=== Section Start ===

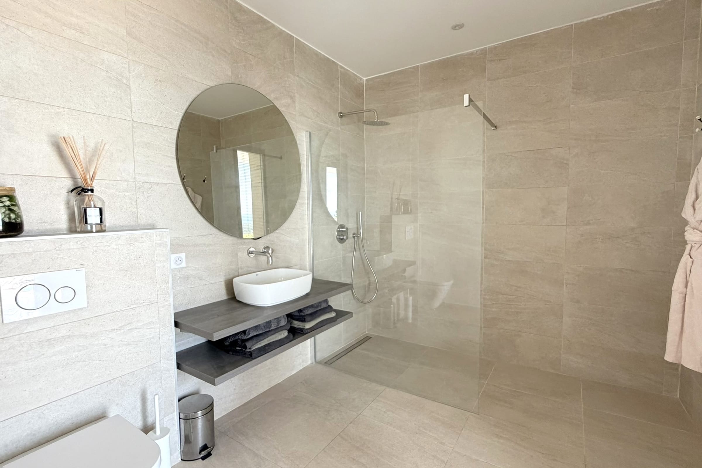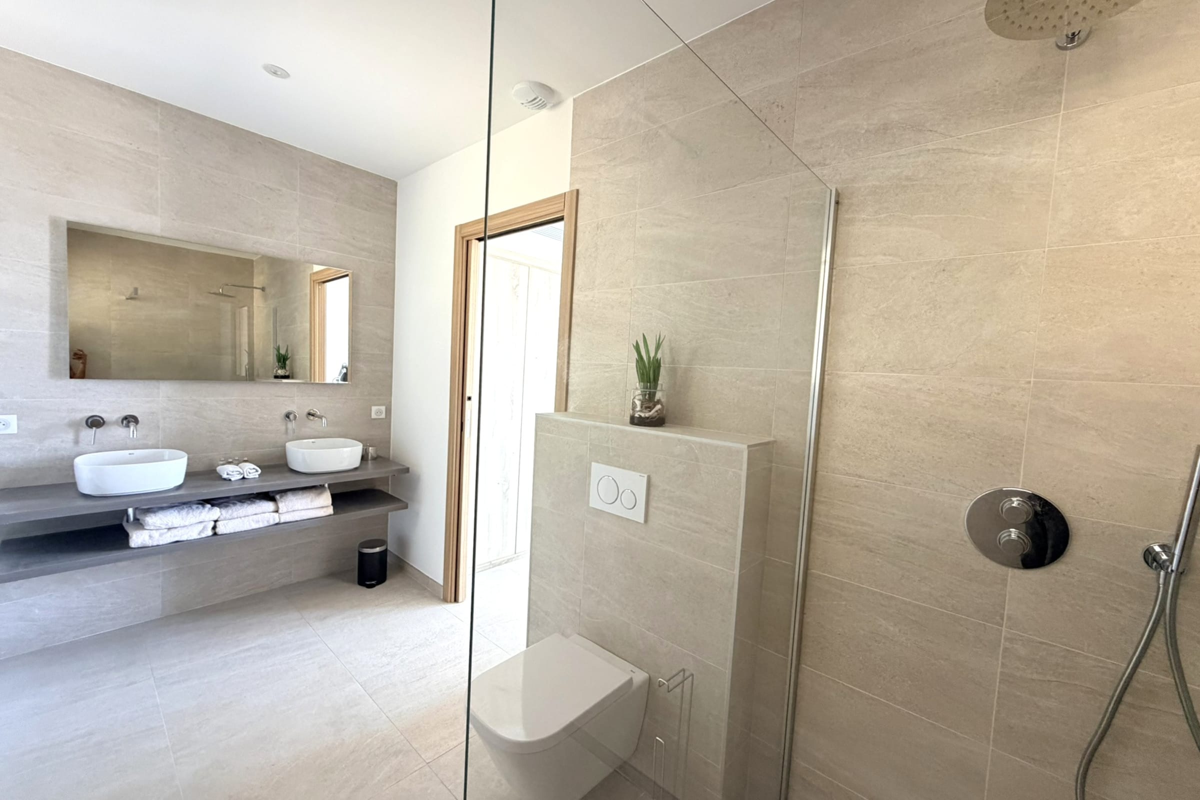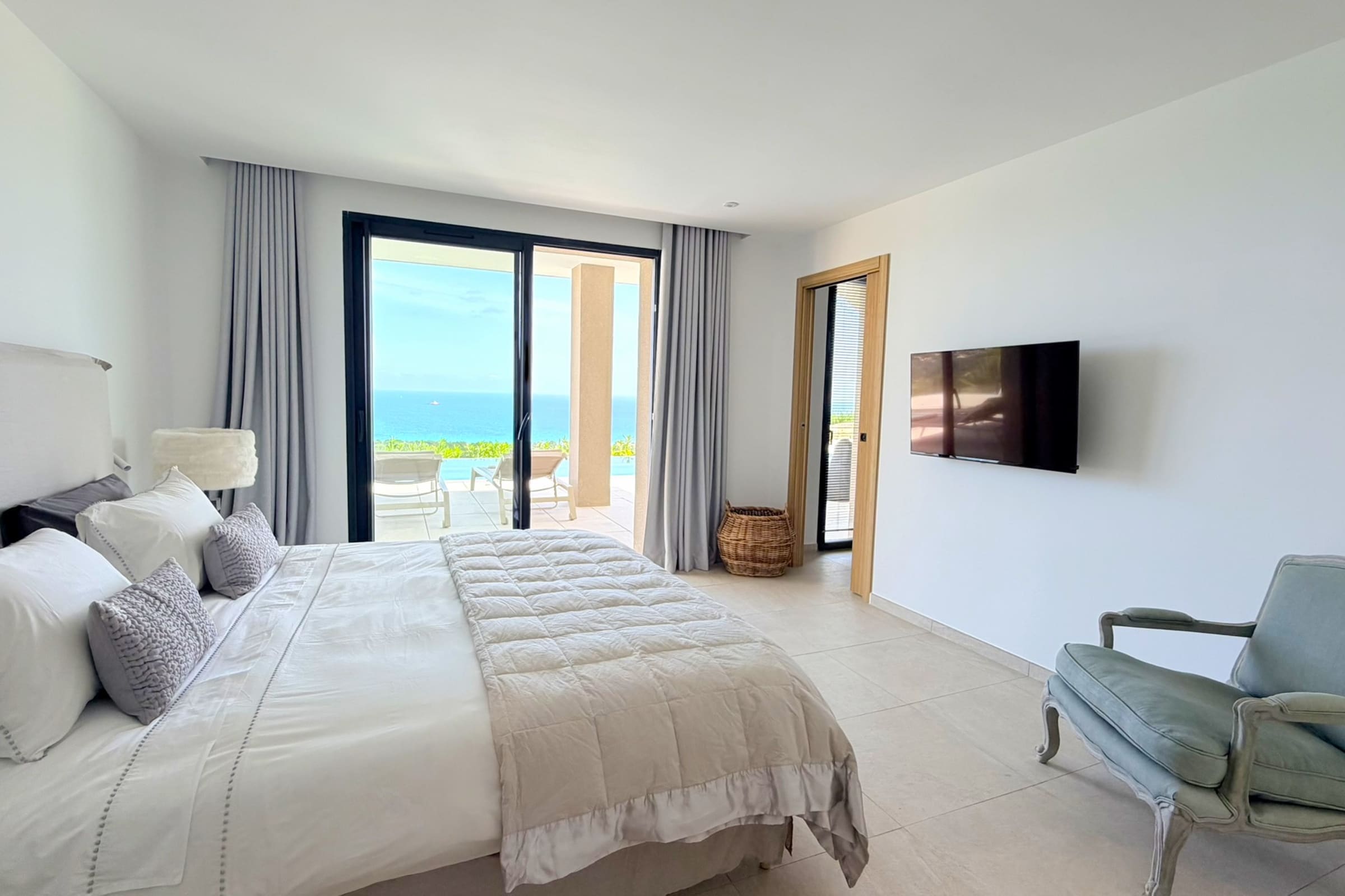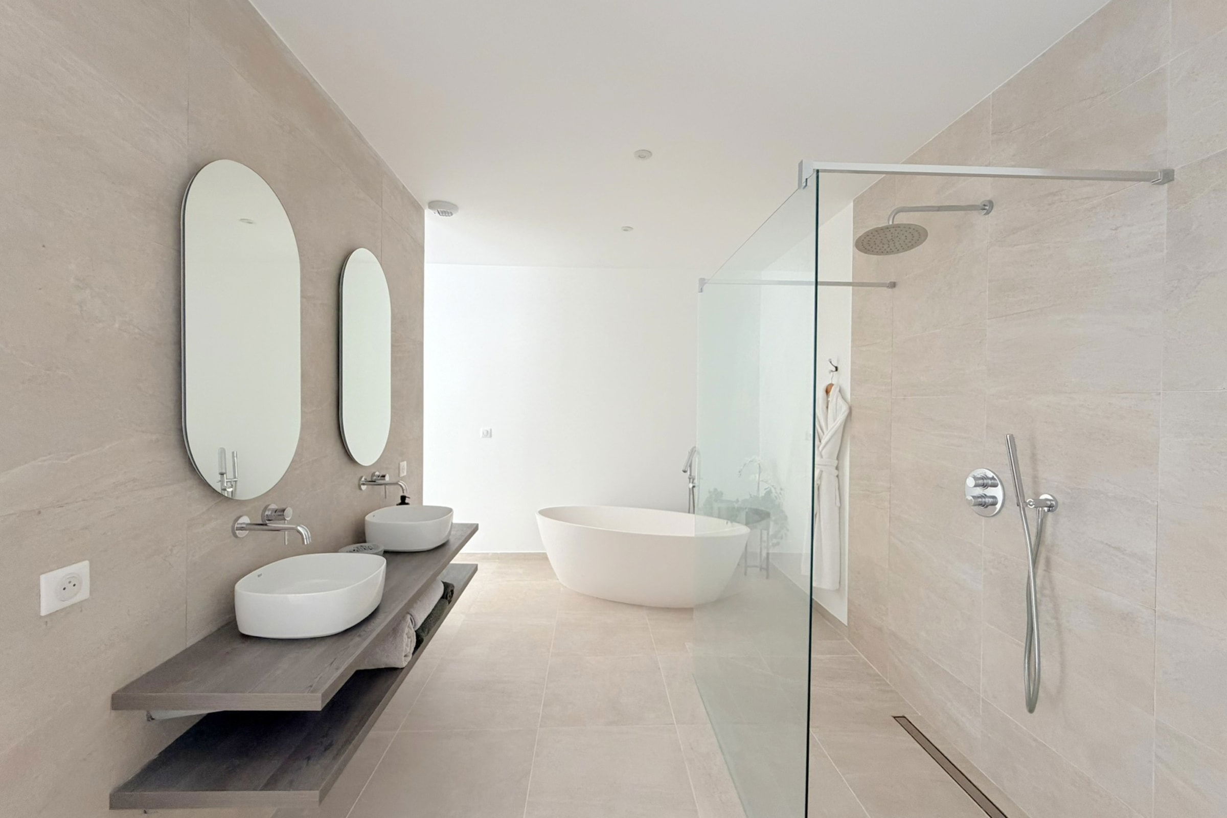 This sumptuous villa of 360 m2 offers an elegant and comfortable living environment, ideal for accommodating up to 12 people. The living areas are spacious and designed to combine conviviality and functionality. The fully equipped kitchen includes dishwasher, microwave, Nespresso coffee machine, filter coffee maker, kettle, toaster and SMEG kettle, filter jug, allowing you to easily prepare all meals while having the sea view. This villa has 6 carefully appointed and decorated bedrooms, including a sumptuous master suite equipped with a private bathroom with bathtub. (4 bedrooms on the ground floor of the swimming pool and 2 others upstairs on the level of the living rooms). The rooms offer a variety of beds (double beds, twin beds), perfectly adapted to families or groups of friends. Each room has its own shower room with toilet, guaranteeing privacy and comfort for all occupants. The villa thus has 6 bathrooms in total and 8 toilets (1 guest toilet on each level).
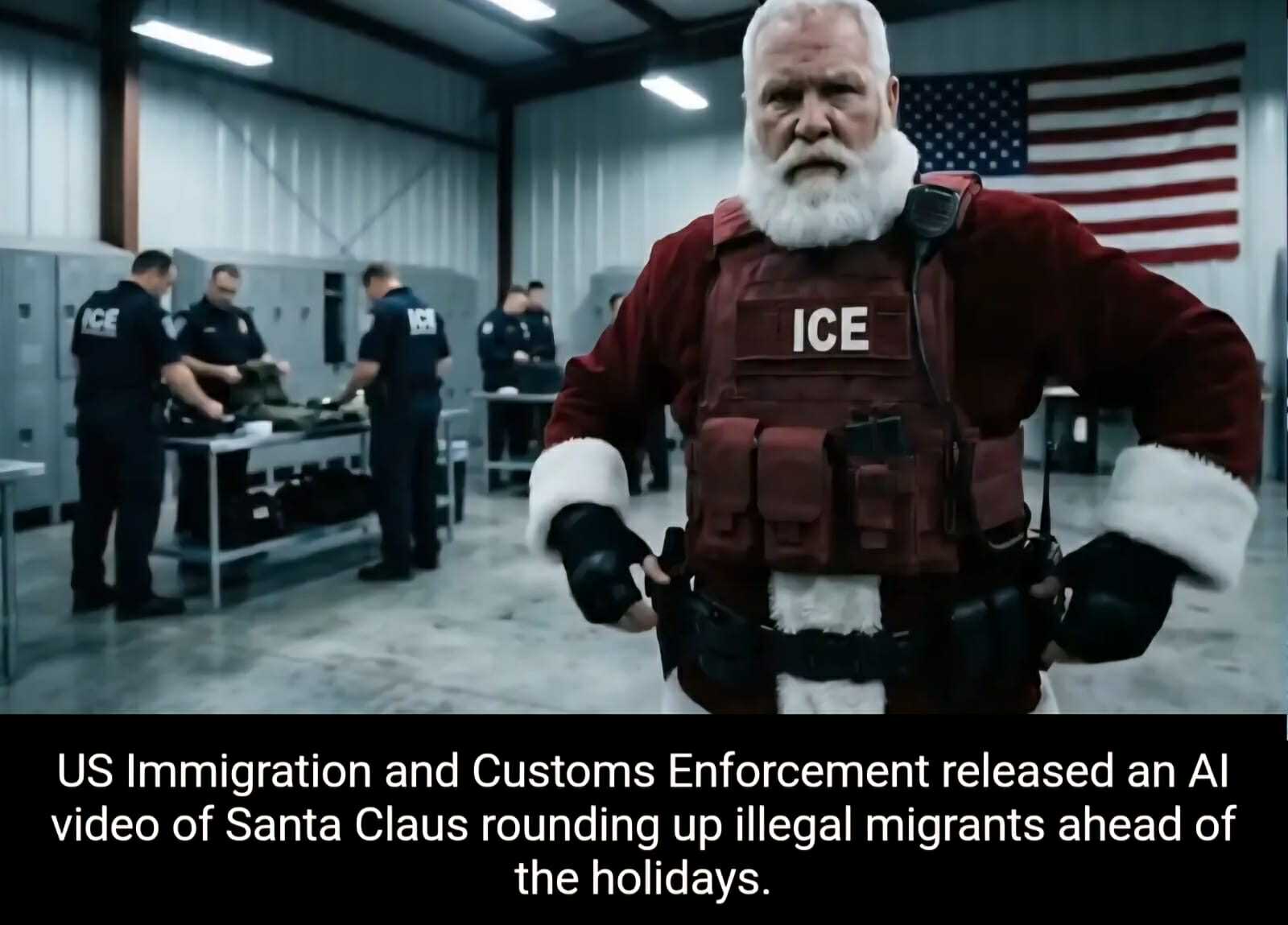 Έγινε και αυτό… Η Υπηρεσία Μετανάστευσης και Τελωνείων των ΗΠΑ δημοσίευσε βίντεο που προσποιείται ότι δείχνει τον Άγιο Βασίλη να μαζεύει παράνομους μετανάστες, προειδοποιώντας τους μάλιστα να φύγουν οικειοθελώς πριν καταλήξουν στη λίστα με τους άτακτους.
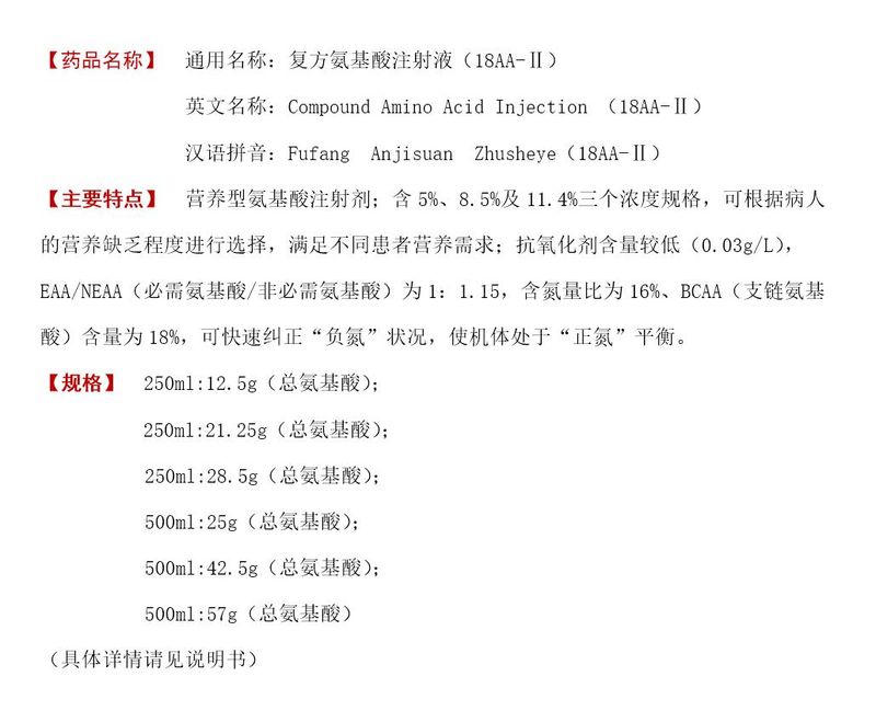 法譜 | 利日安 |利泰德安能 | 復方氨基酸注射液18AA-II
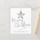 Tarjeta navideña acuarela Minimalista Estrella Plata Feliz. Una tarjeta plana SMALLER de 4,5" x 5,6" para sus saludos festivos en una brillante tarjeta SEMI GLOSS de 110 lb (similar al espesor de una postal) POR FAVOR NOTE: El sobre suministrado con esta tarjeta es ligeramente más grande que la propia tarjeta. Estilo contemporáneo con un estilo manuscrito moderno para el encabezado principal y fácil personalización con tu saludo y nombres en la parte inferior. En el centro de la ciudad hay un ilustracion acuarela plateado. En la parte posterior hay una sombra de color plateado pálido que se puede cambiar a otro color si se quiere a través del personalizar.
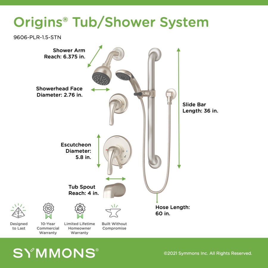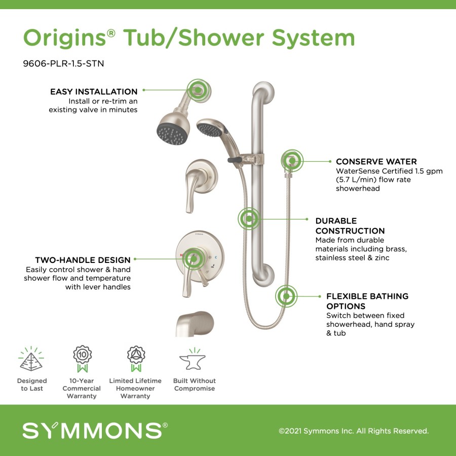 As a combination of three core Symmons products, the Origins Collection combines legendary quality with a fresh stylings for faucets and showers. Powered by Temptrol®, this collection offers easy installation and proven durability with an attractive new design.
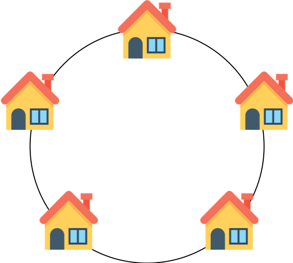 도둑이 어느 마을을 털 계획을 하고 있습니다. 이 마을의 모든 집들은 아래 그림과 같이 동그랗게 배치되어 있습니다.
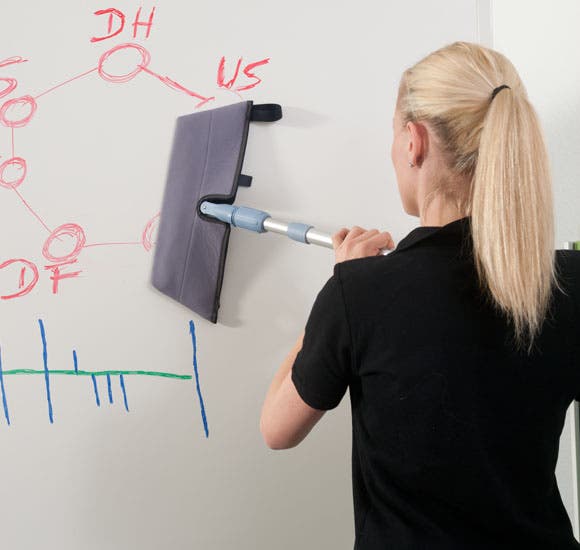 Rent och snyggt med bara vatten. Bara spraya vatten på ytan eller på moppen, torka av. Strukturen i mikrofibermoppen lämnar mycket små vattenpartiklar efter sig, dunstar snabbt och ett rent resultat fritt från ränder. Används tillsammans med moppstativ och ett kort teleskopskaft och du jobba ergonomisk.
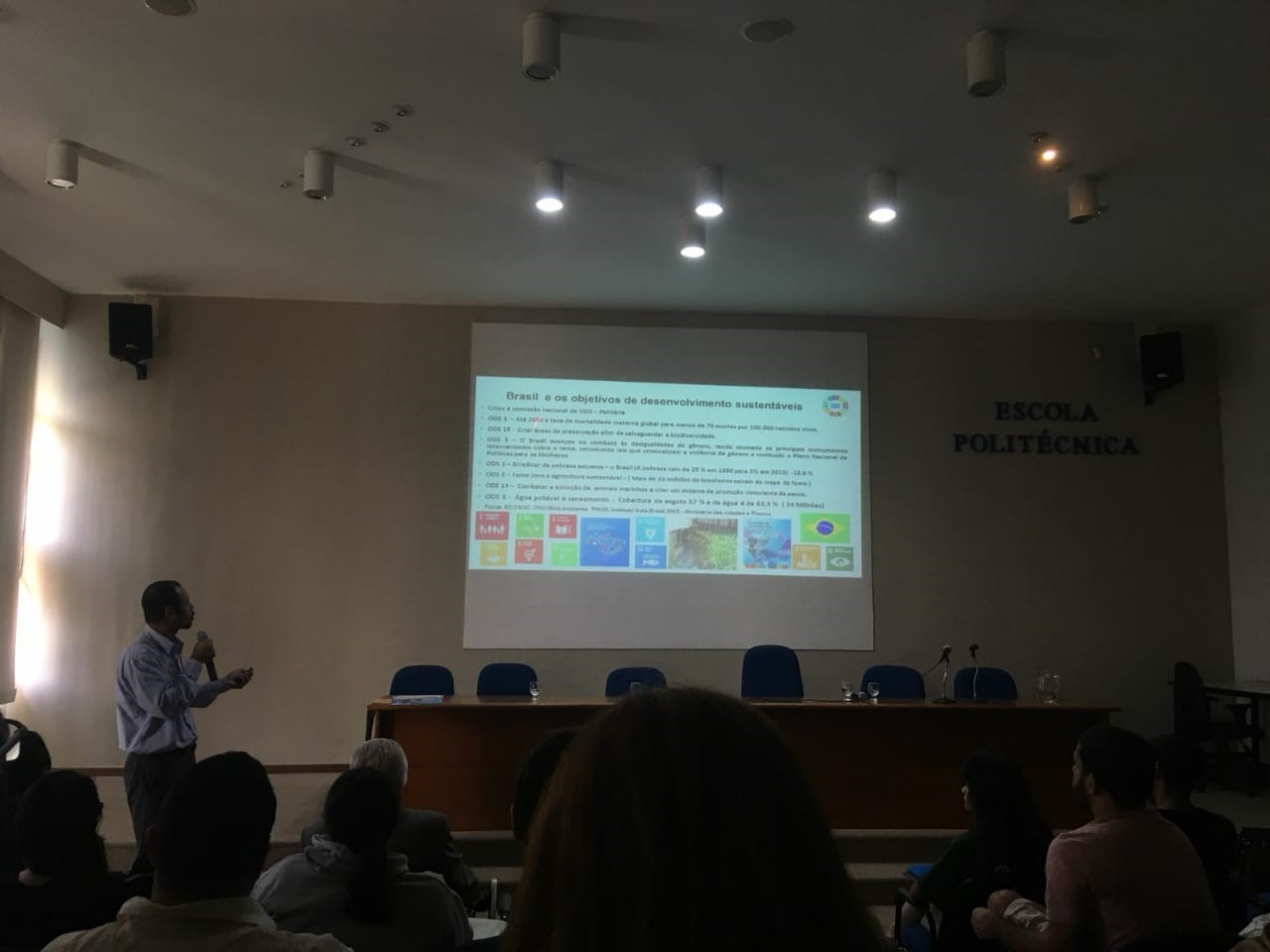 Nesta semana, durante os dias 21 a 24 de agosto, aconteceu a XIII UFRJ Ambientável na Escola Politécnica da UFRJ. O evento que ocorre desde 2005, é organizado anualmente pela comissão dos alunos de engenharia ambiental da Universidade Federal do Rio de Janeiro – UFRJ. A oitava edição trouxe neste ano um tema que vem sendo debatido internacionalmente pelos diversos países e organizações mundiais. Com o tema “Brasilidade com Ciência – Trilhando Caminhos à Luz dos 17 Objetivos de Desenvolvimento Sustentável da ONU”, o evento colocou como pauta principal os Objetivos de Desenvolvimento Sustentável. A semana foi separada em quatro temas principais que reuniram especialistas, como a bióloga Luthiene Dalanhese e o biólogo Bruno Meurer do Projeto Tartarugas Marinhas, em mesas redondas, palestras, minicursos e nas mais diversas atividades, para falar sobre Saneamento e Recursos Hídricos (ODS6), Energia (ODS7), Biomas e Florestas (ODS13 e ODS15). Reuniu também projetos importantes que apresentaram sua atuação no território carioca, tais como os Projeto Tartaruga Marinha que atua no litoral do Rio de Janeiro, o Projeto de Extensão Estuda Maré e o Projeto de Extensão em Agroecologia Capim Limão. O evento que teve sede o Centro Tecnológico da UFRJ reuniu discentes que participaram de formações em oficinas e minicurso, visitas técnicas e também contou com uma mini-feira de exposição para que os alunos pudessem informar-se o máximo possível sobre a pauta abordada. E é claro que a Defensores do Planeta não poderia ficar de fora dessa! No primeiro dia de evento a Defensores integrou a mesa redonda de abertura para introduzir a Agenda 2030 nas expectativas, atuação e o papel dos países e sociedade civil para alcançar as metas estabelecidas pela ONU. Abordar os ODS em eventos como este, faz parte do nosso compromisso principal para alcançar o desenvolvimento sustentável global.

=== Section End ===

Return all of the material precisely as written. No picture belongs in it.

 This sumptuous villa of 360 m2 offers an elegant and comfortable living environment, ideal for accommodating up to 12 people. The living areas are spacious and designed to combine conviviality and functionality. The fully equipped kitchen includes dishwasher, microwave, Nespresso coffee machine, filter coffee maker, kettle, toaster and SMEG kettle, filter jug, allowing you to easily prepare all meals while having the sea view. This villa has 6 carefully appointed and decorated bedrooms, including a sumptuous master suite equipped with a private bathroom with bathtub. (4 bedrooms on the ground floor of the swimming pool and 2 others upstairs on the level of the living rooms). The rooms offer a variety of beds (double beds, twin beds), perfectly adapted to families or groups of friends. Each room has its own shower room with toilet, guaranteeing privacy and comfort for all occupants. The villa thus has 6 bathrooms in total and 8 toilets (1 guest toilet on each level).
 Έγινε και αυτό… Η Υπηρεσία Μετανάστευσης και Τελωνείων των ΗΠΑ δημοσίευσε βίντεο που προσποιείται ότι δείχνει τον Άγιο Βασίλη να μαζεύει παράνομους μετανάστες, προειδοποιώντας τους μάλιστα να φύγουν οικειοθελώς πριν καταλήξουν στη λίστα με τους άτακτους.
 法譜 | 利日安 |利泰德安能 | 復方氨基酸注射液18AA-II
 Tarjeta navideña acuarela Minimalista Estrella Plata Feliz. Una tarjeta plana SMALLER de 4,5" x 5,6" para sus saludos festivos en una brillante tarjeta SEMI GLOSS de 110 lb (similar al espesor de una postal) POR FAVOR NOTE: El sobre suministrado con esta tarjeta es ligeramente más grande que la propia tarjeta. Estilo contemporáneo con un estilo manuscrito moderno para el encabezado principal y fácil personalización con tu saludo y nombres en la parte inferior. En el centro de la ciudad hay un ilustracion acuarela plateado. En la parte posterior hay una sombra de color plateado pálido que se puede cambiar a otro color si se quiere a través del personalizar.
 As a combination of three core Symmons products, the Origins Collection combines legendary quality with a fresh stylings for faucets and showers. Powered by Temptrol®, this collection offers easy installation and proven durability with an attractive new design.
 도둑이 어느 마을을 털 계획을 하고 있습니다. 이 마을의 모든 집들은 아래 그림과 같이 동그랗게 배치되어 있습니다.
 Rent och snyggt med bara vatten. Bara spraya vatten på ytan eller på moppen, torka av. Strukturen i mikrofibermoppen lämnar mycket små vattenpartiklar efter sig, dunstar snabbt och ett rent resultat fritt från ränder. Används tillsammans med moppstativ och ett kort teleskopskaft och du jobba ergonomisk.
 Nesta semana, durante os dias 21 a 24 de agosto, aconteceu a XIII UFRJ Ambientável na Escola Politécnica da UFRJ. O evento que ocorre desde 2005, é organizado anualmente pela comissão dos alunos de engenharia ambiental da Universidade Federal do Rio de Janeiro – UFRJ. A oitava edição trouxe neste ano um tema que vem sendo debatido internacionalmente pelos diversos países e organizações mundiais. Com o tema “Brasilidade com Ciência – Trilhando Caminhos à Luz dos 17 Objetivos de Desenvolvimento Sustentável da ONU”, o evento colocou como pauta principal os Objetivos de Desenvolvimento Sustentável. A semana foi separada em quatro temas principais que reuniram especialistas, como a bióloga Luthiene Dalanhese e o biólogo Bruno Meurer do Projeto Tartarugas Marinhas, em mesas redondas, palestras, minicursos e nas mais diversas atividades, para falar sobre Saneamento e Recursos Hídricos (ODS6), Energia (ODS7), Biomas e Florestas (ODS13 e ODS15). Reuniu também projetos importantes que apresentaram sua atuação no território carioca, tais como os Projeto Tartaruga Marinha que atua no litoral do Rio de Janeiro, o Projeto de Extensão Estuda Maré e o Projeto de Extensão em Agroecologia Capim Limão. O evento que teve sede o Centro Tecnológico da UFRJ reuniu discentes que participaram de formações em oficinas e minicurso, visitas técnicas e também contou com uma mini-feira de exposição para que os alunos pudessem informar-se o máximo possível sobre a pauta abordada. E é claro que a Defensores do Planeta não poderia ficar de fora dessa! No primeiro dia de evento a Defensores integrou a mesa redonda de abertura para introduzir a Agenda 2030 nas expectativas, atuação e o papel dos países e sociedade civil para alcançar as metas estabelecidas pela ONU. Abordar os ODS em eventos como este, faz parte do nosso compromisso principal para alcançar o desenvolvimento sustentável global.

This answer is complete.